Vintage Saints and Sinners by Karen Wright Marsh, Free for CAPC Members
In Vintage Saints and Sinners, Karen Wright Marsh manages to emphasize the vast goodness of spiritual giants while also humanizing them.
Every Friday in Sacred Space, Brad Williams explores the place of popular culture in the local church.
If it is true that discretion is the better part of valor, we might earnestly pray that our pastors would realize this. While you are engaged in intercession for pastors in such matters, it will not take long to also mention bloggers in that particular request as well. You could even mention me, if you please, I am a pastor and a blogger, and I need help as much as anyone. Ask my editors. [Editor: Yes]
Thank the Lord I do have editors [Editor: Tell me about it.]; lately it seems that many of my colleagues in the ministry of blogging and preaching do not. With the new media, everyone who has access to a computer can instantly upload all their thoughts and tantrums to the internet with a theoretical billion or so viewers. For the average Joe at home, that probably isn’t that big of a deal. Other than annoying a few people on Facebook with your drama, he probably will not wreak that much havoc. But for a pastor, it can be devastating. I labor under the reality that there are several dozen families who take what I say seriously because I am a pastor. I am their shepherd, and I will give an account for their souls. So the content of what I put out on the internet matters because it immediately affects them and comes from someone they regard as trustworthy.
Pastors, especially evangelical ones, seem particularly vulnerable to “know it all” syndrome. The average pastor in an evangelical church generally says that he feels “called” of the Lord to be a pastor. So he has an idea that God has specially made him to lead, guide, and direct the people of God. This feeling of divine right can easily morph into the idea that they are special and above normal mortals who inhabit the church. They picture themselves as a kind of Moses, delivering the law of God to a bunch of rebellious Israelites who do not have the same wisdom and connection to God that they do.
This leads to the second downfall of the evangelical pastor. He believes, rightly, that the Bible is true, God-breathed, and awesome. Because it is trustworthy and true, the pastor comes to realize that the Bible is the expert on everything. And since he is an expert on the Bible, the pastor comes to fallaciously view himself as an expert on everything. If you couple this notion with a congregation that gives him little accountability intellectually, or worse if they are propping him up as the local expert on everything, then he is going to become a disastrous personality to deal with. If you couple a sense of ‘divine right’ to pontification with the idea that one is an expert on everything, you have a formula for almost uncorrectable bloviating.
So how can the church help pastors not become arrogant, over-bearing know-it-alls who have the answer to everything from proper social gender behavior to who we ought to vote for and to whether or not global warming is for real? Don’t misunderstand me, I’m all for pastors having an informed opinion on many matters. I’m simply advocating for churches to raise a pastor’s awareness to the difference between “Thus says the Lord” and “I think…” Because the tricky part is that some things are “Thus says the Lord”, but some aren’t. So what is a church to do?
First, stop handing all the responsibility for administration and teaching to one guy. If that particular guy is fresh out of seminary and under twenty-five, the search committee should probably be horse-whipped. There are exceptions, I confess it, but they are few and far between. There is a reason that Paul says that an overseer ought to have children that behave, be a proven one-woman man, and not a new convert (1 Tim. 3:1-7). God gives us fantastic doses of humility through child-rearing and marriage, and most people cannot learn patience and empathy without a debacle or ten in both departments.

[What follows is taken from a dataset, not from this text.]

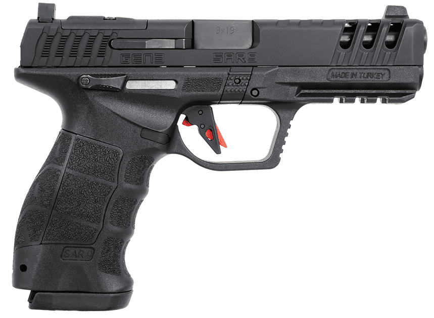 Possibly the most rigorously tested pistol ever developed the new SAR9 GEN3 endured 150000 rounds of live fire at the factory. The polymer framed striker fired SAR9 GEN3 points naturally and is a pleasure to shoot. With a choice of three interchangeable back straps to customize fit and 20 degree grip angle providing superior control. – Available in a number of different configurations including some models having mounting screw holes for direct installation of a micro reflex sight. – Features – Polymer Frame – Forged Steel Barrel & Slide – Interchangeable Grip Panels – Manual Safety – Striker Status Indicator – Picatinny Accessory Rail

Second, stop talking about whether or not a guy feels “called” all the time and ask more biblical questions. Or at least, ask questions that aren’t entirely subjective and un-quantifiable. Paul says that the man who “desires” the office of overseer “desires” a good thing. He doesn’t say the guy who feels “called”, he says the guy who really wants to do it. So ask the guy if he wants to be a pastor. God does not have to force the man to do it, the man ought to want to and he ought to have the humility and wherewithal to admit it.
Next, find out if the guy is qualified. Is he a good teacher? Does he have a reputation for being pugnacious or patient? Does he love to fight or make peace? Would he rather punch someone who disagrees or sit him down for a meal and a chat?
Does this mean that our pastors should be pushovers? No, they ought to be able to encourage and reprove, and reproving means disciplining and standing up to real error. But he ought to do it in a way that doesn’t devolve into raucous name-calling, at least, the pastor ought not be the one doing the name-calling.
One last thing, if your pastor has a blog, encourage him in it if he blogs well. But you might want to suggest that he get an editor, because two eyes on a post make for a better post. Also, it helps if that editor will occasionally say, “Uh…bro, this is dumb.” [Editor: Uh, about that, Brad…] So thanks, Rich and Alan [Editor: You’re welcome, readers. You are welcome.] and Drew for rescuing me from dumbness on the internet a couple times. And also Seth, who isn’t an editor but does a really good job of exposing my ignorance. Occasionally. I mean, sometimes I am right.